[Source records]

######

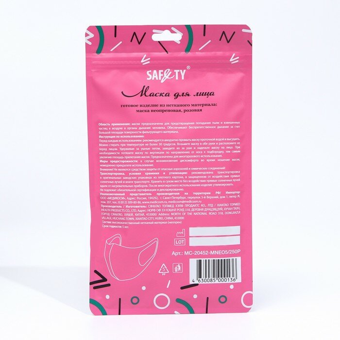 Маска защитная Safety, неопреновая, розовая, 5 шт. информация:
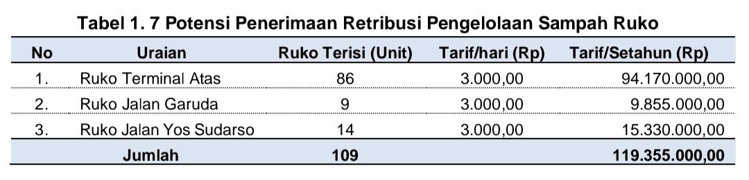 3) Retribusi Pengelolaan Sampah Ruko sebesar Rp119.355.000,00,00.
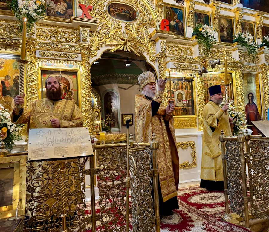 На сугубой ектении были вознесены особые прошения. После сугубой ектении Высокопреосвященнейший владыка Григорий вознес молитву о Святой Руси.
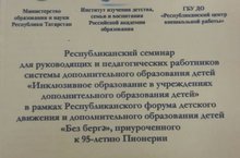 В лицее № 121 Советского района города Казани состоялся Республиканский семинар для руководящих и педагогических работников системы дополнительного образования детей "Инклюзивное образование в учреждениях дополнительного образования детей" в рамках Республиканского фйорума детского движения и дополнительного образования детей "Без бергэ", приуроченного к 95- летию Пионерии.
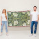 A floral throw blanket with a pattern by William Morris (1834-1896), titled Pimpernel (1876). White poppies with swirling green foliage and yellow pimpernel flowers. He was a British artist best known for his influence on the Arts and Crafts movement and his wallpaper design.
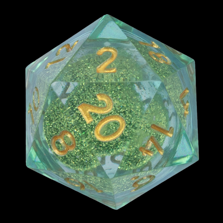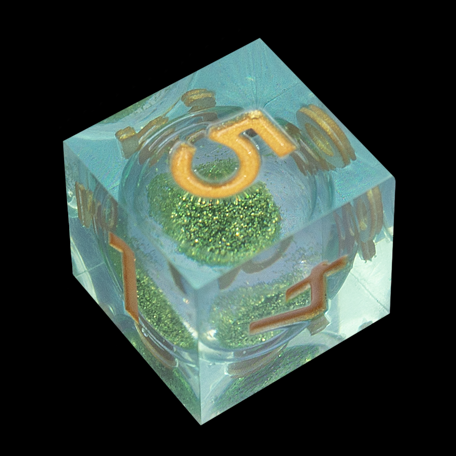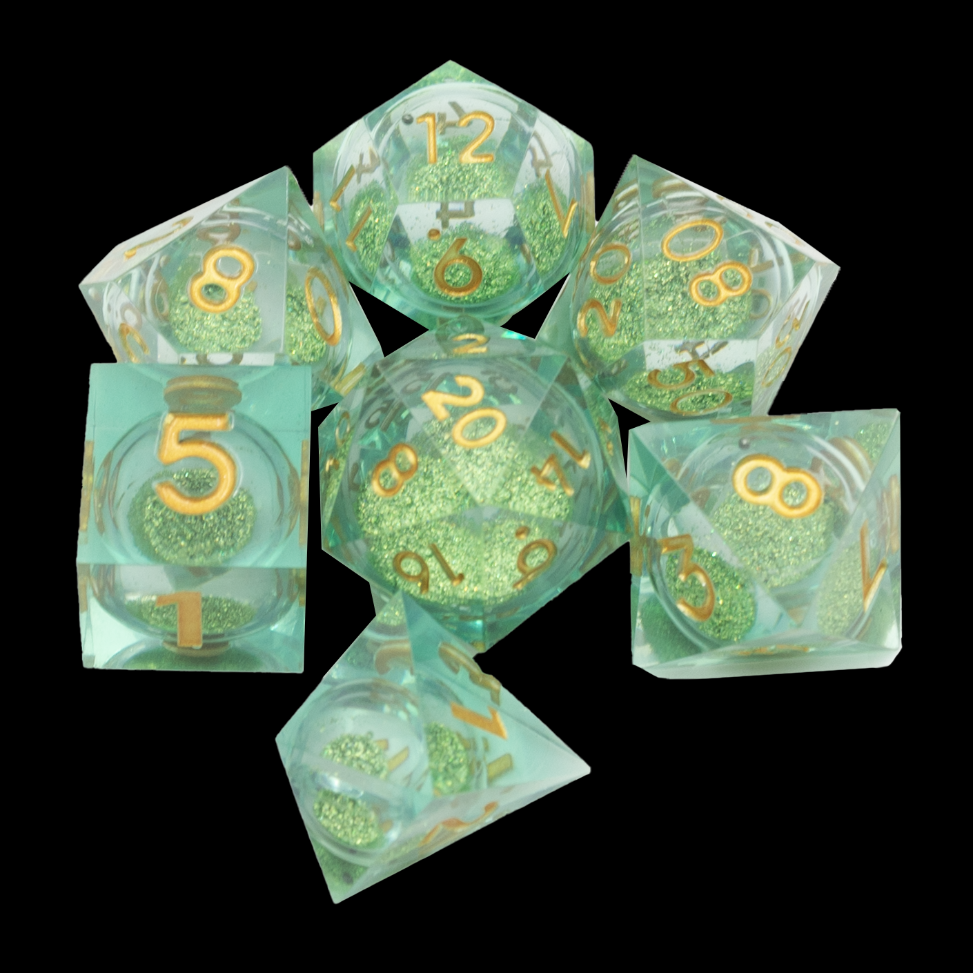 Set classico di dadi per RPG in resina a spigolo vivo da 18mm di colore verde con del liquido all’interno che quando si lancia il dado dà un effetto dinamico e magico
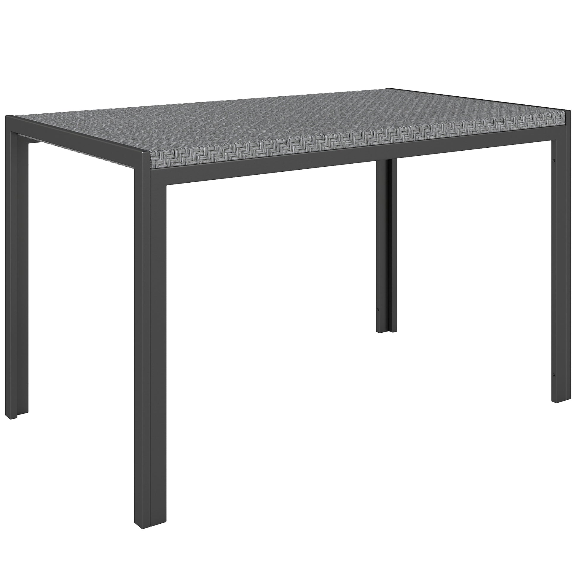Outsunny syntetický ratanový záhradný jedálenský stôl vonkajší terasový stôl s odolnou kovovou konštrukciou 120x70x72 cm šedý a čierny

######

> _Work required_
Using the data above, retype exactly and only the lines from the one containing "На сугубой ектении" up to and including the one containing "Set classico di", with no pictures carried over.

> _Response to this exercise_
 На сугубой ектении были вознесены особые прошения. После сугубой ектении Высокопреосвященнейший владыка Григорий вознес молитву о Святой Руси.
 В лицее № 121 Советского района города Казани состоялся Республиканский семинар для руководящих и педагогических работников системы дополнительного образования детей "Инклюзивное образование в учреждениях дополнительного образования детей" в рамках Республиканского фйорума детского движения и дополнительного образования детей "Без бергэ", приуроченного к 95- летию Пионерии.
 A floral throw blanket with a pattern by William Morris (1834-1896), titled Pimpernel (1876). White poppies with swirling green foliage and yellow pimpernel flowers. He was a British artist best known for his influence on the Arts and Crafts movement and his wallpaper design.
 Set classico di dadi per RPG in resina a spigolo vivo da 18mm di colore verde con del liquido all’interno che quando si lancia il dado dà un effetto dinamico e magico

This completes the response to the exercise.